# Getting snow tires installed this evening



## evo77 (Sep 5, 2011)

How often are you driving on the road with inches of snow on the ground in Michigan?

I live in the Chicagoland area and I'd say we usually get hit with some hard snow a handful of times a year. But I never have felt the need to buy specific snow tires. In fact I just replaced my original Goodyear Fuel Max's (79k miles) with another set. I left Discount Tire with a couple of inches falling hard and got home 40 miles later no sweat. I mean there was some slippage here and there but nothing I couldn't maneuveur through. I'd be annoyed with having to switch out wheels/tires every season.


----------



## BowtieGuy (Jan 4, 2013)

The OEM Goodyear Fuel Max is a great tire as far as OEM tires go. But I think I will be replacing them with a different tire when they wear out, which won't be anytime soon (at 30k miles currently).


----------



## Vetterin (Mar 27, 2011)

I just came back from a week in Florida Saturday and finally put on my Artics yesterday. It took me all of 30 minutes to do the swap in my garage. Believe me Dvan5693, you WILL notice the difference in cornering and stopping as soon as the street has any snow/ice on it.


----------



## Dvan5693 (Jul 8, 2014)

evo77 said:


> How often are you driving on the road with inches of snow on the ground in Michigan?
> 
> I live in the Chicagoland area and I'd say we usually get hit with some hard snow a handful of times a year. But I never have felt the need to buy specific snow tires. In fact I just replaced my original Goodyear Fuel Max's (79k miles) with another set. I left Discount Tire with a couple of inches falling hard and got home 40 miles later no sweat. I mean there was some slippage here and there but nothing I couldn't maneuveur through. I'd be annoyed with having to switch out wheels/tires every season.


Yea I most likely will. I drive ALOT. I work full time, have school 2-3 nights a week, on top of physical therapy and other things. I'm constantly on the go. It's the stopping and cornering that I'm worried about. I drive in prime time rush hour for most of driving, with a ton of @sshats. So for a measily 500 bucks, it's a great peace of mind and cheaper than my deductible if I hit someone because I'm not able to stop or turn. Plus now my OEM tires will last that much longer. Anyways....who likes getting stuck in the snow? Not this guy 



Vetterin said:


> I just came back from a week in Florida Saturday and finally put on my Artics yesterday. It took me all of 30 minutes to do the swap in my garage. Believe me Dvan5693, you WILL notice the difference in cornering and stopping as soon as the street has any snow/ice on it.

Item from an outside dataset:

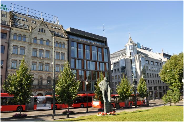 Мы находимся на Площади Кристиании, которая считается самой первой площадью города. Именно здесь король Кристиан IV основал Кристианию, на месте которой теперь стоит Осло. Норвегия состояла в унии с Данией с середины XVI по начало XIX века, поэтому Кристиан IV считался Датско-норвежским королем. Тем не менее, он очень любил Норвегию и бывал здесь гораздо чаще, чем все остальные датско-норвежские монархи вместе взятые. За время своего правления он побывал на норвежской земле около 30 раз и добрался даже до заполярного города Вардë.

Glad to hear! I'm having the tire shop do the swap for free and they said they'd swap them back for free as well. It's a great peace of mind for safety to me.


----------



## Dvan5693 (Jul 8, 2014)

In case anyone was wondering, yes all four tires fit in the backseat lol.


----------



## jcihos (Jun 9, 2013)

100% worth it imo. The handling on snow and ice is much better. Here in MN even though the snow might be off of the road there is ususally hard packed snow or ice in turn lanes and snow tires help out greatly with getting moving and stopping.


----------



## S-Fitz (Jul 16, 2012)

You'll like them! They grip really well on ice and work well in slush too. Pretty much anything is good in the snow. I have the same tires in the stock 16 inch size, this is the 4th winter with them and they are wearing well, still decent tread. They're even pretty quiet for a winter tire, not much noisier that the Firestone's that LT's come with. Handling is OK, slightly squishier than stock. They wander a little on the highway when it's windy and steering isn't quite as sharp feeling.


----------



## Dvan5693 (Jul 8, 2014)

Did a short drive through my sub, which some parts still had a few inches of snow on the road. Total night and day! These are seriously awesome! Was coming to a stop down hill that was snow covered, and abs kicked in a little but stopped very well. Accelerating up a hill through snow is no issue at all now. Don't really need to take of different or wait for the tires to grip, just go. 

Also the ride is so soft now from the tall sidewall, it's like riding in a Cadillac lol. Also washed my ECO rims and tires by hand in the basement haha. Letting them dry tonight and then bagging them up and stacking them until its above 45 consistently! You'll see the pictures below.


----------



## Vetterin (Mar 27, 2011)

I'm sure you are aware of this but just in case....these tires are unidirectional so if/when you rotate them just switch front to back and back to front.


----------



## Dvan5693 (Jul 8, 2014)

I did not know this! So they don't have to go in a special pattern?


----------



## Nobody (Feb 12, 2012)

evo77 said:


> How often are you driving on the road with inches of snow on the ground in Michigan?
> 
> I live in the Chicagoland area and I'd say we usually get hit with some hard snow a handful of times a year. But I never have felt the need to buy specific snow tires. In fact I just replaced my original Goodyear Fuel Max's (79k miles) with another set. I left Discount Tire with a couple of inches falling hard and got home 40 miles later no sweat. I mean there was some slippage here and there but nothing I couldn't maneuveur through. I'd be annoyed with having to switch out wheels/tires every season.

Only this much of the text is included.